High Commissioner of Bangladesh to India
- In office 8 August 1986 – 3 January 1992
- Preceded by: A. K. Khandker
- Succeeded by: Farooq Sobhan

Foreign Secretary
- In office 10 October 1984 – 17 July 1986
- Preceded by: A.H. Ataul Karim
- Succeeded by: Fakhruddin Ahmed

Ambassador of Bangladesh to the European Economic Community, Belgium, Luxembourg, and the Netherlands
- In office 22 December 1978 – 15 July 1982
- Preceded by: Abul Ahsan
- Succeeded by: Manzoor Ahmed Choudhury

Ambassador of Bangladesh to Bahrain and the United Arab Emirates
- In office 1976–1978

Personal details
- Born: 4 January 1934 Karimganj, Assam, British India
- Died: 17 May 2017 (aged 83) Dhaka, Bangladesh
- Party: Awami League

= Faruq Ahmed Choudhury =

Bangladeshi diplomat

Faruq Ahmed Choudhury (4 January 1934 – 17 May 2017) was a Bangladeshi diplomat. He served as Bangladesh's first Chief of Protocol beginning in 1972, Foreign Secretary from 1984 to 1986, and High Commissioner to India from 1986 to 1992.

==Career==
===Early life and career===
Choudhury was born in Karimganj, Assam, British India, on January 4, 1934. In 1956, Choudhury entered the Foreign Service of Pakistan as a diplomat (Bangladesh, then known as East Pakistan, was part of the country at the time). He held several appointments within the Foreign Office and several Parkistani embassies.

===Bangladesh foreign service===
In 1972, Choudhury was appointed as Bangladesh's first Chief of Protocol, within the Ministry of Foreign Affairs, following the country's independence from Pakistan.

From 1972 until 1976, Choudhury served as the Deputy High Commissioner of Bangladesh to the United Kingdom, where he took part in the negotiations for Bangladesh's entry in to the Commonwealth in 1972. Choudhury was next appointed as Bangladesh's Ambassador to Bahrain and the United Arab Emirates from 1976 to 1978. He then served as Ambassador accredited to both the European Economic Community (EEC) and the Benelux nations - Belgium, Luxembourg and the Netherlands - from 1978 until 1982.

Choudhury returned to the home office of the Ministry of Foreign Affairs in 1982. He was the chief coordinator for the 13th OIC Foreign Ministers' Meeting, which was held in 1983 in Dhaka. He then held the post of Additional Foreign Secretary from 1983 to 1984.

Faruq Choudhury was appointed Foreign Secretary, the highest ranking non-political official with the Ministry of Foreign Affairs, from 1984 to 1986.

Choudhury next served as High Commissioner of Bangladesh to India from 1986 until his retirement in 1992.
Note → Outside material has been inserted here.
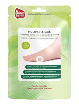 Kiinnitä rengas puhtaille, kuiville jaloille niin, että aristava kohta jää renkaan keskelle. Paina huolellisesti paikoilleen. Älä käytä voidetta ennen kiinnitystä, jotta rengas pysyy hyvin. Voit kiinnittää renkaan myös suoraan kenkään.

Choudhury retired from Ministry of Foreign Affairs in 1992. He wrote several books and focused on social causes during his retirement. He served on the Bangladesh Rural Advancement Committee (BRAC), the world's largest non-governmental development organization, from 1992 until 2006.

In 2014, Choudhury was awarded the IFIC Bank Literature Award for his writings on social and political issues. He also received the Bangla Academy Literary Award in 2016.

== Bibliography ==
Some of his Books are given below-

1. Jiboner Balukabelay (Autobiography)

2. Priyo Farjana

3. Biponno Prithibi (Science Friction)

4. Shorone Bangobondhu(Incidents & Memories with Sheikh Mujibur Rahman)

5. Ghotokal Shomokal

6. Janalay Nana Chobi

7. Shomoyer Aborte

And many more.
He wrote his Memories with Bangabondhu Sheikh Mujibur Rahman on his books.

== Death ==
Choudhury died at Square Hospital in Dhaka on 17 May 2017, at the age of 84.